In the function get_cts_en_GRNs
, variabled are defined
below:
obj
: Seurat
object composed of both RNA
and ATAC assays
celltype
: Name of the metadata column indicating
cell types
en.regs
: List of predicted eRegulons
peak.assay
: Name of the ATAC assay
rna.dims
: Number of RNA dimensions for multimodal
clustering using Seurat
atac.dims
: Number of ATAC dimensions for multimodal
clustering using Seurat
padj.cutoff
: Threshold of adjusted P-values when
mapping eRegulons onto cell types
out.dir
: Directory to save the final result and
intermediate results
time2 <- system.time( en.grns <- get_cts_en_GRNs(obj = pbmc, celltype = "predicted.id",
en.regs = en.regs, peak.assay = "peaks",
rna.dims = 50, atac.dims = 50,
padj.cutoff = 0.05,
out.dir = "./") )
qs::qsave(en.grns, paste0(work.dir, "eGRNs.qsave"))
names(en.grns[[1]])
## [1] "links" "cell.type" "cells"
head(en.grns[[1]]$links)
## GRanges object with 6 ranges and 2 metadata columns:
## seqnames ranges strand | gene TF
## <Rle> <IRanges> <Rle> | <character> <character>
## [1] chr1 25904959-25907184 * | MAN1C1 TCF12
## [2] chr1 25904959-25907184 * | STMN1 TCF12
## [3] chr1 45302959-45304454 * | EIF2B3 TCF12
## [4] chr1 45302959-45304454 * | ZSWIM5 TCF12
## [5] chr1 58783212-58785307 * | JUN TCF12
## [6] chr1 93179195-93181524 * | EVI5 TCF12
## -------
## seqinfo: 21 sequences from an unspecified genome; no seqlengths
message ("The running time of eGRN construction is: ", time2["elapsed"])

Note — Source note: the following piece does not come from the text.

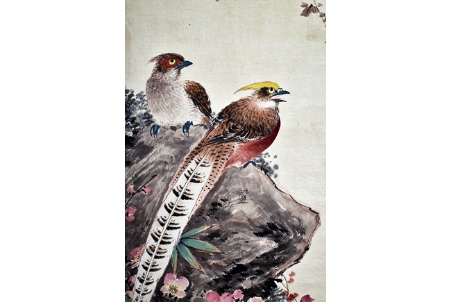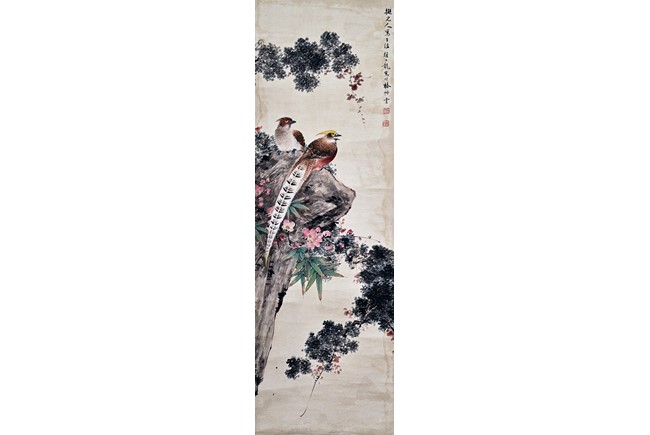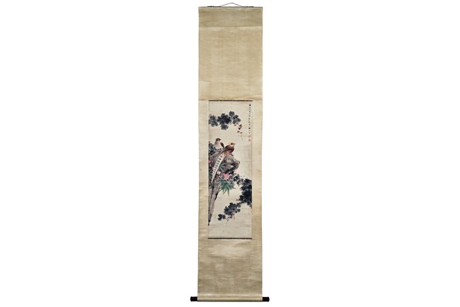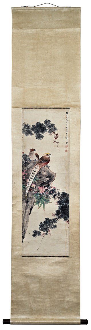 Ink and color on paper. Hanging scroll. With inscription and colophone. Two seals of the artist. Attributed to Yan Bolong

## The running time of eGRN construction is: 1.28699999999992
Construct cell-type-specific eRegulons.
In the function get_cts_en_regs
, variables are
introduced as follows:
obj
: Seurat
object composed of both RNA
and ATAC assays
peak.assay
: Name of the ATAC assay
de.genes
: List of differentially expressed genes
(DEGs)
cts.en.grns
: Cell-type-specific eGRNs saved in
GRanges object, the name of each of which is cell type, and the GRanges
object contains metadata columns “gene” and “TF”.
out.dir
: Directory to save the final result and
intermediate results
celltype
: Name of the metadata column indicating
cell types
min.pct
: Cutoff of overlap percentage in calculating
DEGs
logfc.threshold
: Threshold of log-fold change in
predicting DEGs
padj.cutoff
: Cutoff of adjusted P-values in
identifying DEGs
time3 <- system.time( cts.en.regs <- get_cts_en_regs(obj = pbmc, peak.assay = "peaks", de.genes = NULL,
cts.en.grns = en.grns, out.dir = "./", celltype = "predicted.id",
min.pct = 0.25, logfc.threshold = 0.25, padj.cutoff = 0.05) )
qs::qsave(cts.en.regs, paste0(work.dir, "cell-type-specific-eRegulons.qsave"))
names(cts.en.regs[[1]])
## [1] "TF" "celltype" "cells" "genes" "enhancers" "links"
head(cts.en.regs[[1]]$genes)
## [1] "ADAMTSL4-AS1" "TSPAN5" "ADAM19" "ATXN1" "EEF1A1"
## [6] "TNFAIP3"
head(cts.en.regs[[1]]$enhancers)
## [1] "chr1-150320808-150322695" "chr4-98928092-98930218"
## [3] "chr5-157252607-157253720" "chr6-16759215-16763347"
## [5] "chr6-73653070-73655111" "chr6-137707572-137708859"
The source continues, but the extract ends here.